### Task statement
Set down exactly, from the records below, the line with "2024年8月12日(月・祝" through the line with "月 31 日,歡迎符合如下條件的儀器企業(yè)積極申報(bào)。", and nothing else.
-------- Data provided --------
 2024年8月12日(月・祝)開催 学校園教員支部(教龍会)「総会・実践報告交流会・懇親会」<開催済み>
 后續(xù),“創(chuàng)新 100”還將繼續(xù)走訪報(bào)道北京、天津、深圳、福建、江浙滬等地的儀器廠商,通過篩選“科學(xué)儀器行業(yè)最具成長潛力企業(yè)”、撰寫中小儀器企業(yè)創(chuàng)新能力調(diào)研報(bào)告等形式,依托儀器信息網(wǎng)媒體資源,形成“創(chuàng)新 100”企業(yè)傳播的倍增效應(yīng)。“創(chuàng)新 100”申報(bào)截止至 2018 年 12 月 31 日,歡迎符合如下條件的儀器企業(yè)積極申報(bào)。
--------
-------- Data provided --------
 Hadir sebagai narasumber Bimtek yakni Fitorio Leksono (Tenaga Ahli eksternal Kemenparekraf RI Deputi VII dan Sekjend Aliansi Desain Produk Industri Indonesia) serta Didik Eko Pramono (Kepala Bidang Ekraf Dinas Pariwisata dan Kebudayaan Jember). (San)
--------
-------- Data provided --------
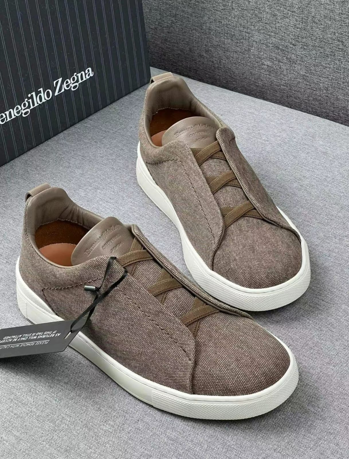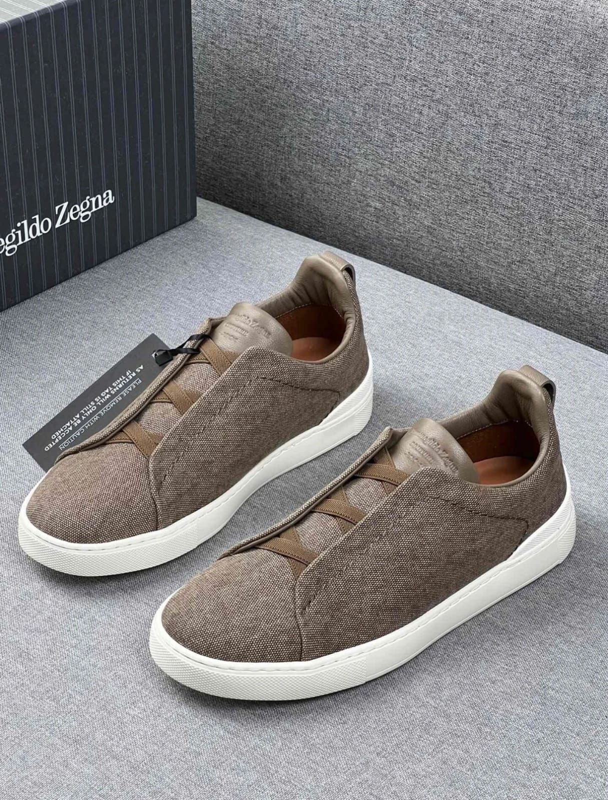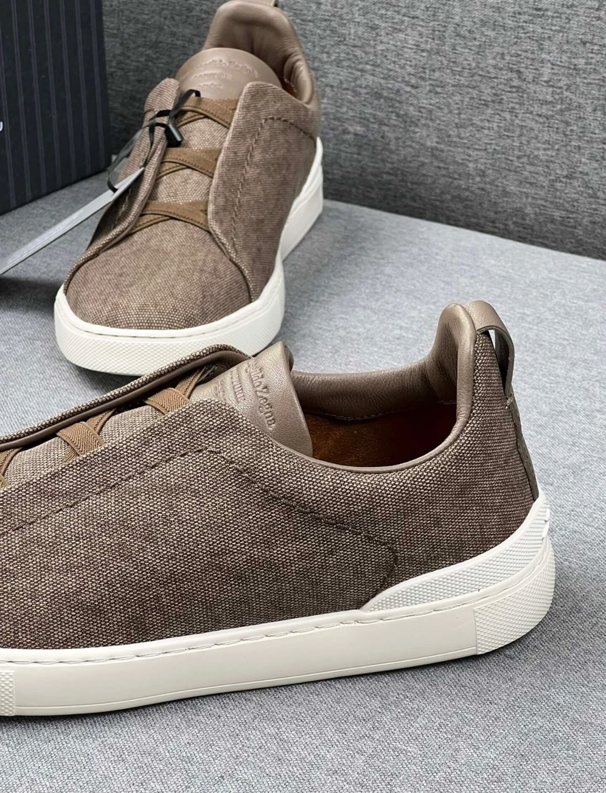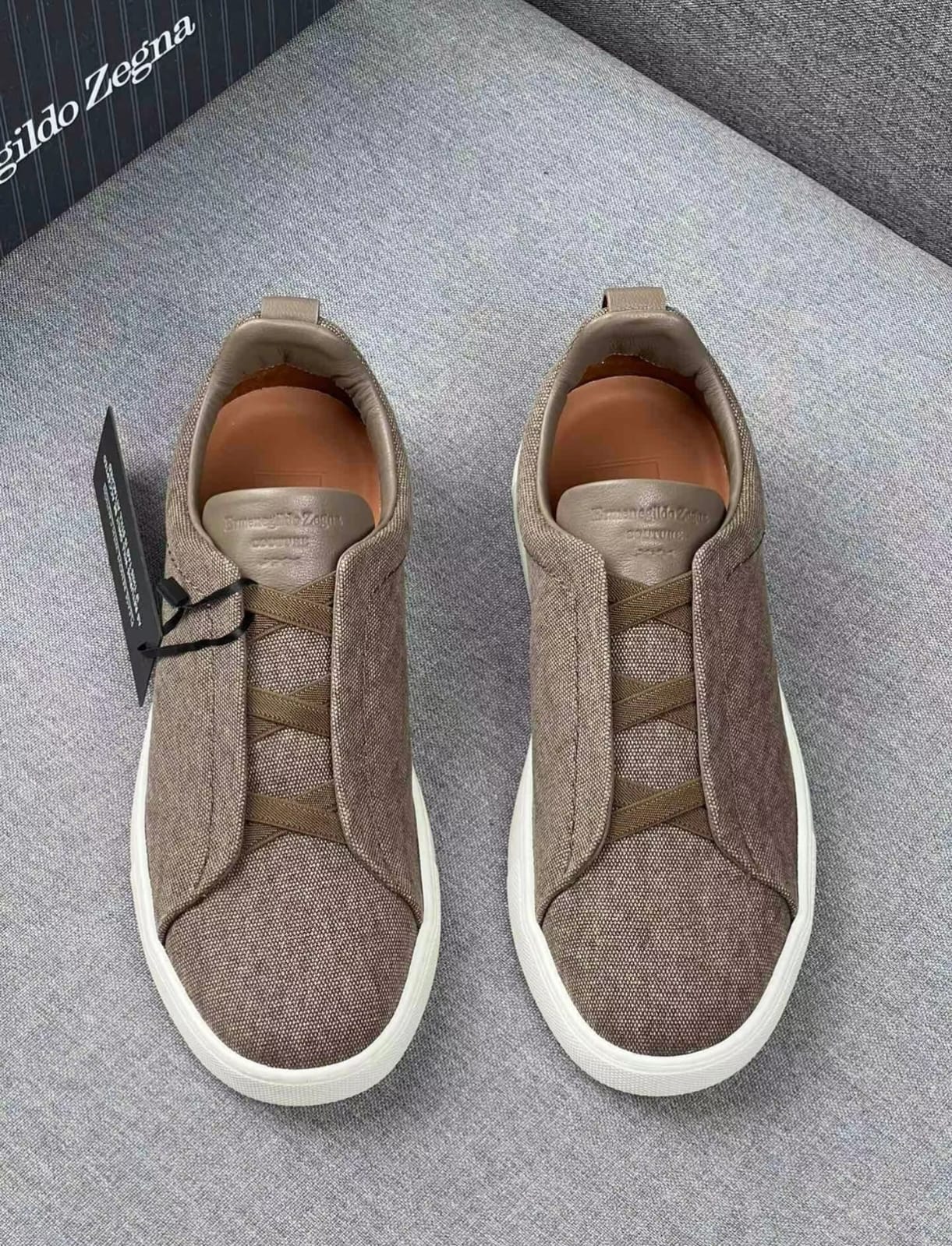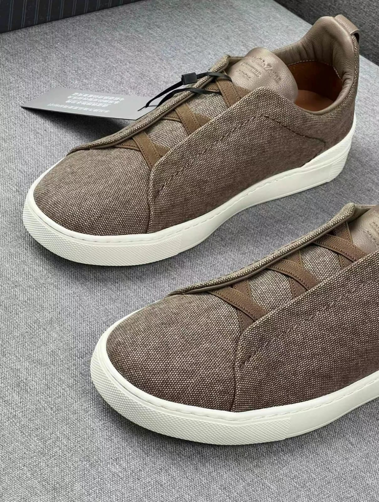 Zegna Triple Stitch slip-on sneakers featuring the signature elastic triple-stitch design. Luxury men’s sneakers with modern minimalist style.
--------
### Your response
 2024年8月12日(月・祝)開催 学校園教員支部(教龍会)「総会・実践報告交流会・懇親会」<開催済み>
 后續(xù),“創(chuàng)新 100”還將繼續(xù)走訪報(bào)道北京、天津、深圳、福建、江浙滬等地的儀器廠商,通過篩選“科學(xué)儀器行業(yè)最具成長潛力企業(yè)”、撰寫中小儀器企業(yè)創(chuàng)新能力調(diào)研報(bào)告等形式,依托儀器信息網(wǎng)媒體資源,形成“創(chuàng)新 100”企業(yè)傳播的倍增效應(yīng)。“創(chuàng)新 100”申報(bào)截止至 2018 年 12 月 31 日,歡迎符合如下條件的儀器企業(yè)積極申報(bào)。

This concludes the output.